Scrapy 跟踪所有链接并获取状态

Question

我想关注网站的所有链接并获取每个链接的状态，例如 404,200。我试过这个：

from scrapy.contrib.spiders import CrawlSpider, Rule
from scrapy.contrib.linkextractors import LinkExtractor

class someSpider(CrawlSpider):
  name = 'linkscrawl'
  item = []
  allowed_domains = ['mysite.com']
  start_urls = ['//mysite.com/']

  rules = (Rule (LinkExtractor(), callback="parse_obj", follow=True),
  )

  def parse_obj(self,response):
    item = response.url
    print(item)

我可以在控制台上看到没有状态码的链接，例如：

mysite.com/navbar.html
mysite.com/home
mysite.com/aboutus.html
mysite.com/services1.html
mysite.com/services3.html
mysite.com/services5.html

但是如何将所有链接的状态保存在文本文件中？

Answer 1

我解决了这个问题，如下所示。
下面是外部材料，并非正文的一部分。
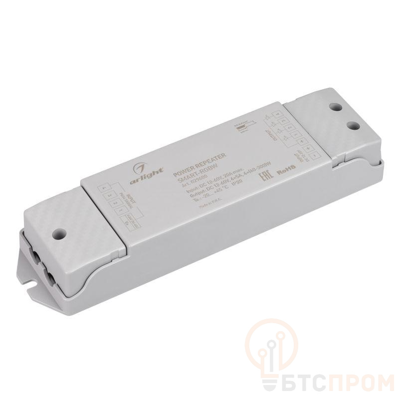 RGBW-усилитель. Питание 12-60VDC. 4 канала, ток нагрузки 4x5A, мощность нагрузки 240-1200W. Размер 175x45x27 мм.

希望这对需要的人有所帮助。

import scrapy
from scrapy.contrib.spiders import CrawlSpider, Rule
from scrapy.contrib.linkextractors import LinkExtractor

class LinkscrawlItem(scrapy.Item):
    # define the fields for your item here like:
    link = scrapy.Field()
    attr = scrapy.Field()

class someSpider(CrawlSpider):
  name = 'linkscrawl'
  item = []

  allowed_domains = ['mysite.com']
  start_urls = ['//www.mysite.com/']

  rules = (Rule (LinkExtractor(), callback="parse_obj", follow=True),
  )

  def parse_obj(self,response):
    #print(response.status)
    item = LinkscrawlItem()
    item["link"] = str(response.url)+":"+str(response.status)
    # item["link_res"] = response.status
    # status = response.url
    # item = response.url
    # print(item)
    filename = 'links.txt'
    with open(filename, 'a') as f:
      f.write('\n'+str(response.url)+":"+str(response.status)+'\n')
    self.log('Saved file %s' % filename)